Saturday, December 16, 2006

RESTAURANT: Zest

Type: Modern Australian
Location: City Tattersalls club, 202 Pitt St, Sydney
Booking Required: Sometimes.

Normally my instincts are pretty spot-on when it comes to things like restaurants. With Zest my instincts were telling me it was wrong right from the start. But Calypso had chosen the place and made a booking so backing out wasn’t really an option. Unfortunate, because Zest turned out to be rubbish.

Tucked away near the back of the City Tattersalls club in Pitt St, Zest tries far too hard for such a classless setting. We walked in to find that they had stuffed up the booking and it was nowhere to be found.
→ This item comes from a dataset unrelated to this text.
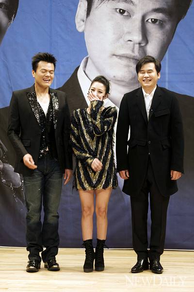 24일 오후 서울 양천구 목동 SBS 방송센터에서 서바이벌 오디션 'K팝스타'의 기자간담회가 열린 가운데 박진영-보아-양현석이 포토타임을 갖고 있다.
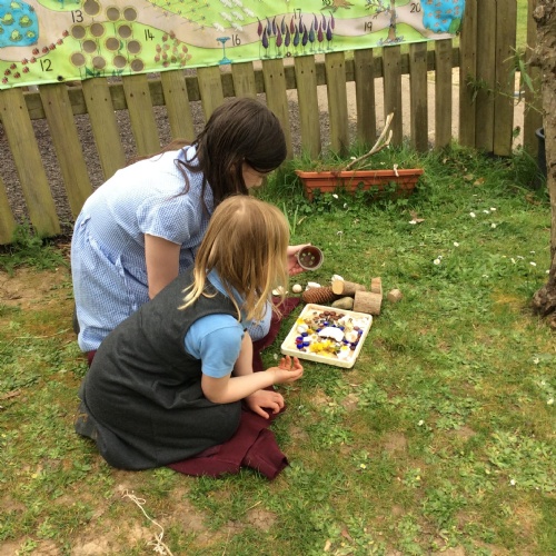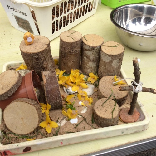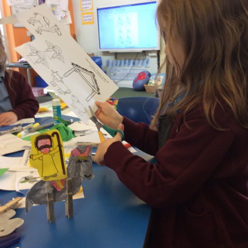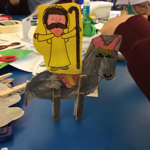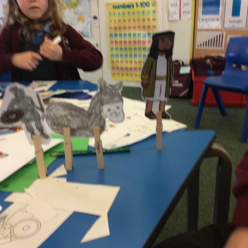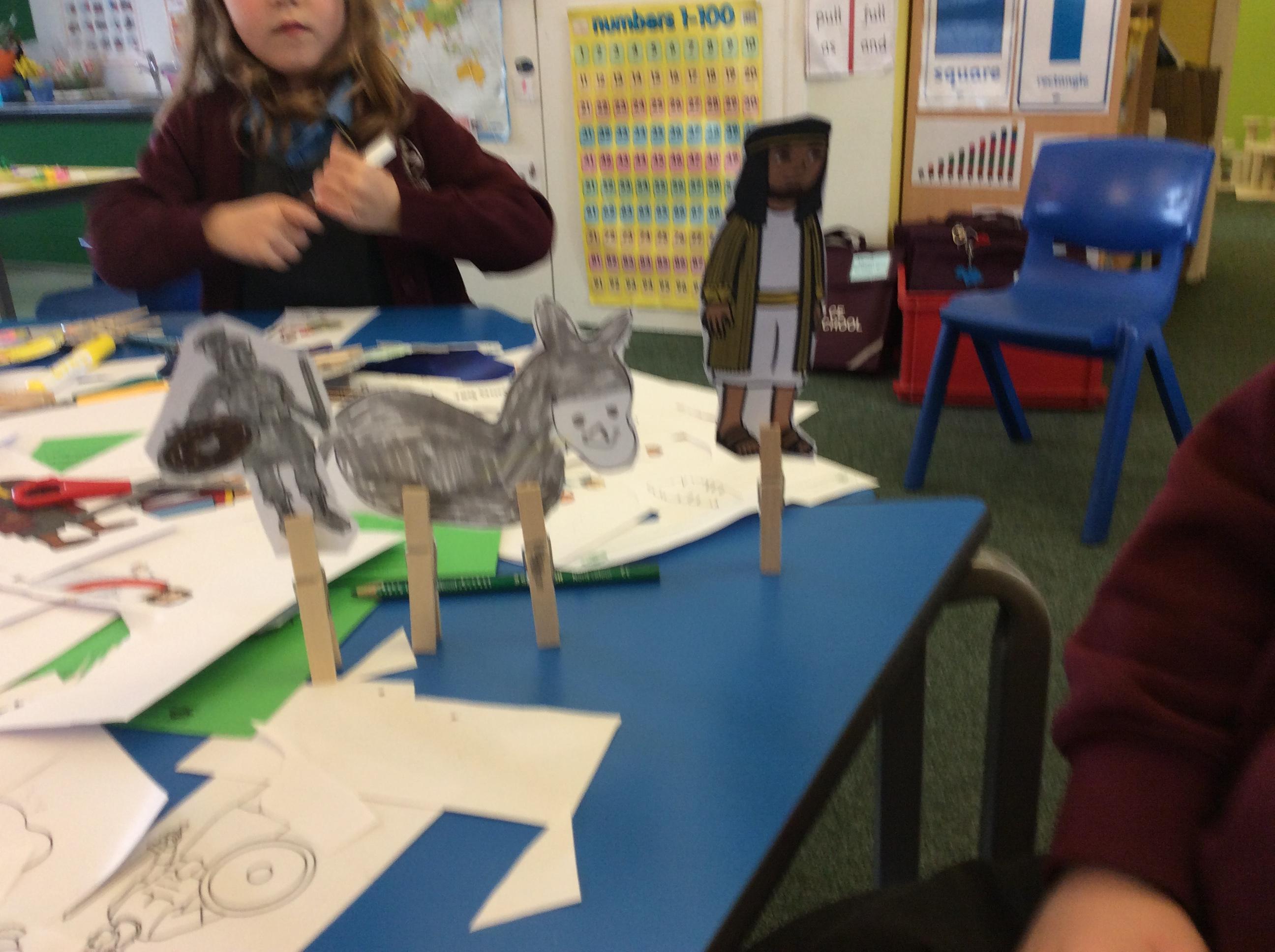 The children experimented with creating crosses and building crosses with duplicate and made characters from the Palm Sunday story.

Luckily, there were plenty of free tables so they could still seat us.

The ambiance is fairly poor. The d├ęcor is okay but the lighting isn’t right and a lot of other elements just seem cheap. And the air conditioning is turned up way too high. It all feels like a butchers cold room with some aqua coloured pieces of plastic lying around. Although I suppose the mostly 60-plus crowd wouldn’t be complaining as it probably helped slow their aging.
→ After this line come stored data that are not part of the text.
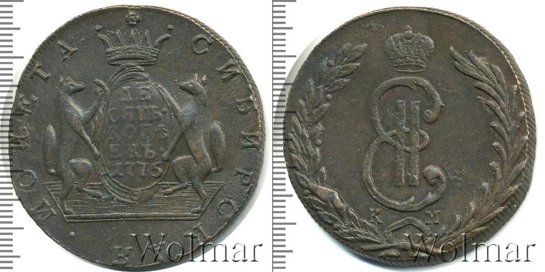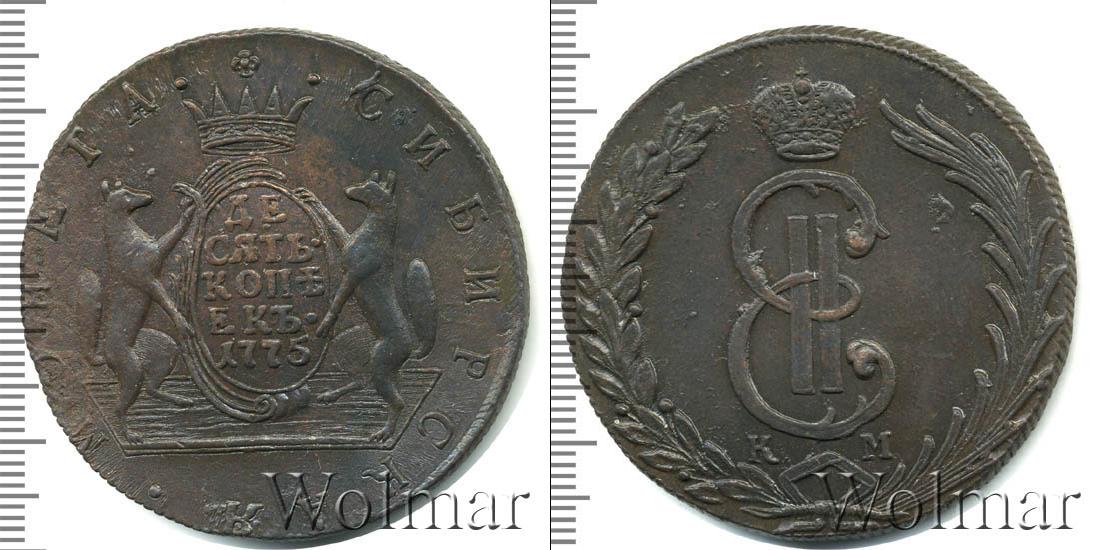 На картуше по центру диска отчеканены номинал и дата эмиссии монеты «ДЕСЯТЬ КОПЕЕК 1775». Картуш держат два соболя. Также на диске расположена надпись: «МОНЕТА СИБИРСКАЯ» - вдоль канта слева и справа от изображения соболей.
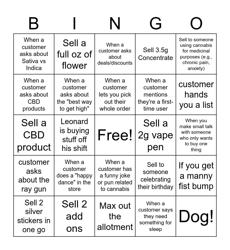 This bingo card has a free space and 28 words: If you get a manny fist bump, Customer says “i just made those this morning”, When a customer mentions they're a first-time user, When a customer says they need something for sleep, When a customer asks about CBD products, When a customer asks about deals/discounts, Sell a full oz of flower, customer asks about the ray gun, Sell a 2g vape pen, Sell 2 silver stickers in one go, Sell a CBD product, Sell 3.5g Concentrate, Sell 2 add ons, Max out the allotment, customer hands you a list, customer leaves something behind, When a customer does a "happy dance" in the store, When a customer asks about the "best way to get high", When a customer lets you pick out their whole order, When a customer has a funny joke or pun related to cannabis, When a customer asks about Sativa vs Indica, When a customer mentions they've been coming to your store for years, Dog!, Leonard is buying stuff off his shift, When you make small talk with someone who only wants to buy one thing, Sell to someone celebrating their birthday, Sell to someone using cannabis for medicinal purposes (e.g., chronic pain, anxiety) and Sell to someone who is treating their pet (Pet Drops).
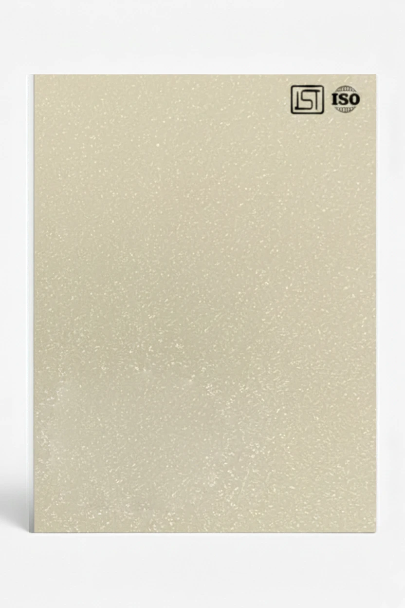 Elegant Cream colored laminate with shimmer texture and high gloss finish, perfect for modern interiors.
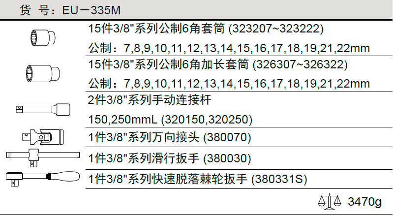 3/8"系列35件套公制手动套筒及扳手组EU-335M
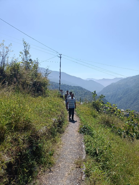 "विनकखाल तीसरियारा मोटर रोड पर संरेखण विवाद सुलझाने हेतु ग्रामीणों के साथ बैठक व निरीक्षण"
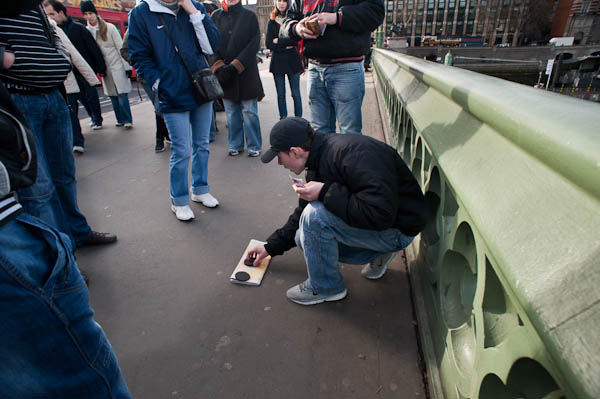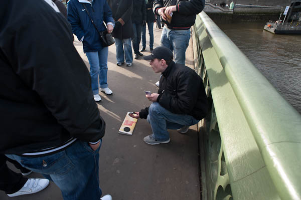 Three card trick on Westminster Bridge catches gullilble tourists.
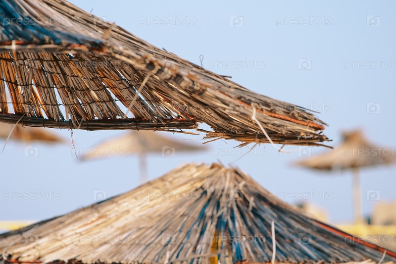 Соломенные зонтики на пляже в Болгарии
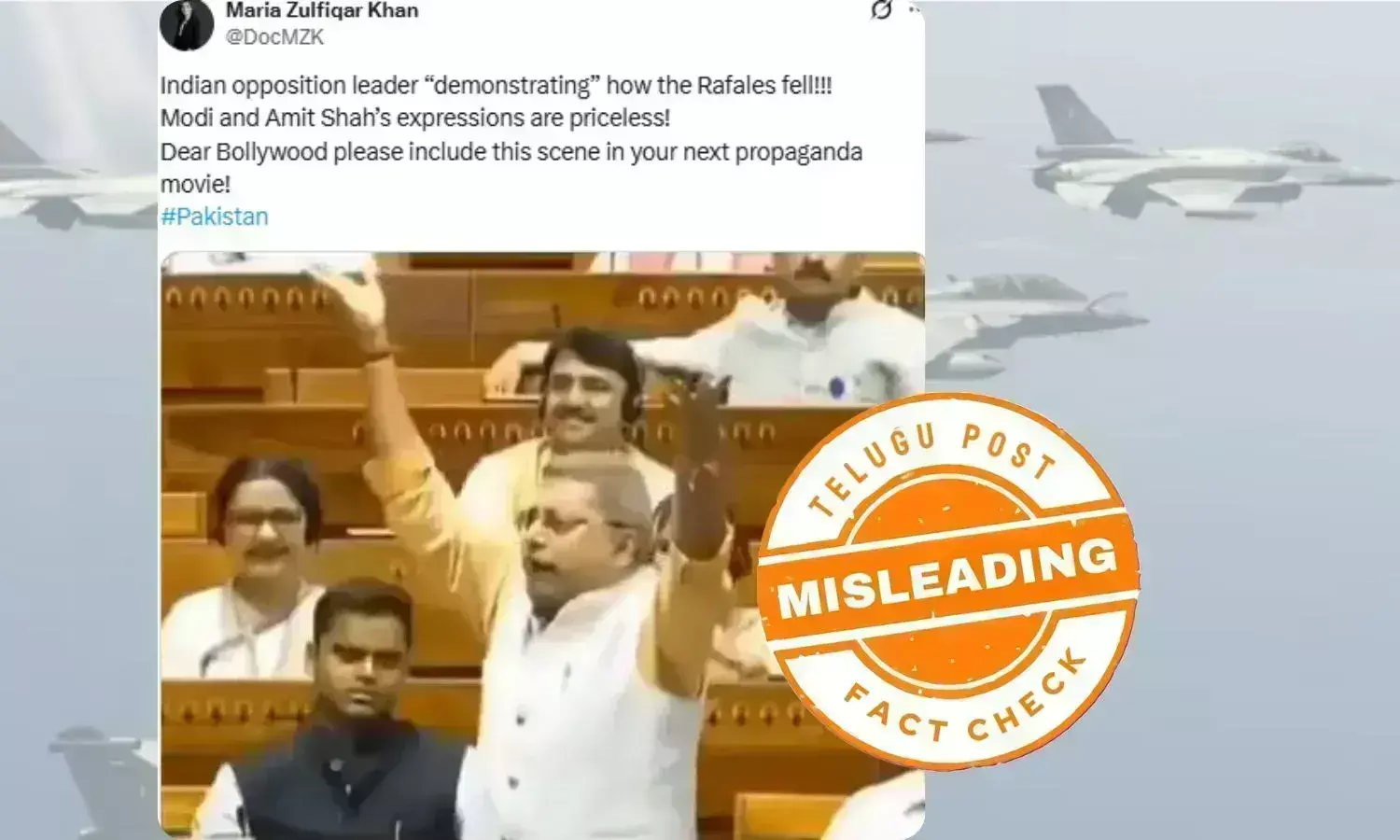 اس درمیان سوشل میڈیا پر چند پاکستانی صارفین لوک سبھا میں بی جے پی کو ہدف تنقید بنانے والے ترنمول لیڈر کے رکن پارلیمان کا ایوان میں خطاب کا ویڈیو کلپ شئیر کرتے ہوئے دعویٰ کرر ہے ہیں کہ "بھارت کے اپوزیشن لیڈر "دکھا رہے ہیں" کہ رافیل طیارے کیسے تباہ ہوگئے۔ وزیر اعظم ہند نریندر مودی اور وزیر داخلہ امیت شاہ کے چہرے دیکھنے لائق ہیں۔
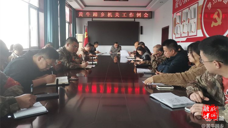 ▲黄牛蹄乡负责人主持召开机关工作例会,就疫情防控、信访稳定、党风廉政、清化收等当前重点工作进行安排部署。

The menu is fairly standard for a modern Australian restaurant that is trying too hard. I started with the tomato & Mauri buffalo mozzarella with prosciutto, basil, pine nuts and aged balsamic. Good on paper but not well executed. The balsamic is almost invisible and there is no harmony with the different elements.
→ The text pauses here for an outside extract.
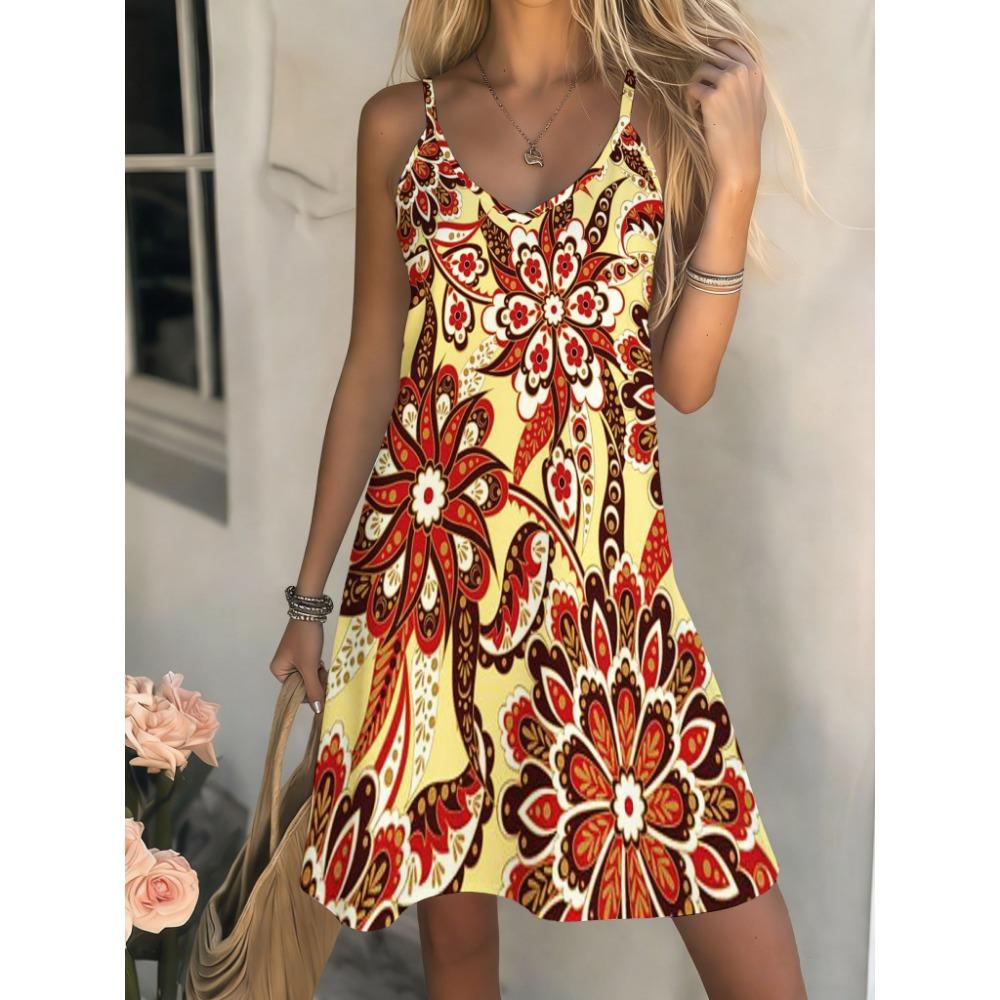 Robe midi décontractée style bohème pour femme, été, col en V plongeant, bretelles fines

The wine list was extensive and had a bit of everything but the markup was fairly high. We ordered a bottle of the Yarrabank Cuvee (over twice the retail price) but by the end of the entrees we were still waiting for it, with no explanation offered. Eventually we were told that the bottle was still chilling and would be a little longer.

It eventually arrived, still fairly warm. The waitress opened it and spilled roughly a glass worth. Although I do have to give her acting skills credit because she was pretending that nothing had happened.

Main was the pan seared salmon with baby cos, smoked bacon, parmesan and herb ciabatta. Also known as a piece of salmon with an egg on top and a Caesar salad. Overwrought items on menus piss me off. The dish failed to live up to expectations. The Caesar salad was good but put in a bowl so pretentious that it was incredibly difficult to access the food. The salmon was overcooked and the poached egg on top was such a bizarrely poor decision. It added nothing to the dish. I could make this dish better myself at home.

Dessert was a vanilla panna cotta that was, again, overwrought on the menu. It was good but nothing special.

For roughly $80 a head for three courses and a bottle of wine it’s not the most expensive modern Australian restaurant out there, but with food, ambiance and service this average, I wouldn’t bother. If I ever return I'll officially be 60 and have lost all sense of taste.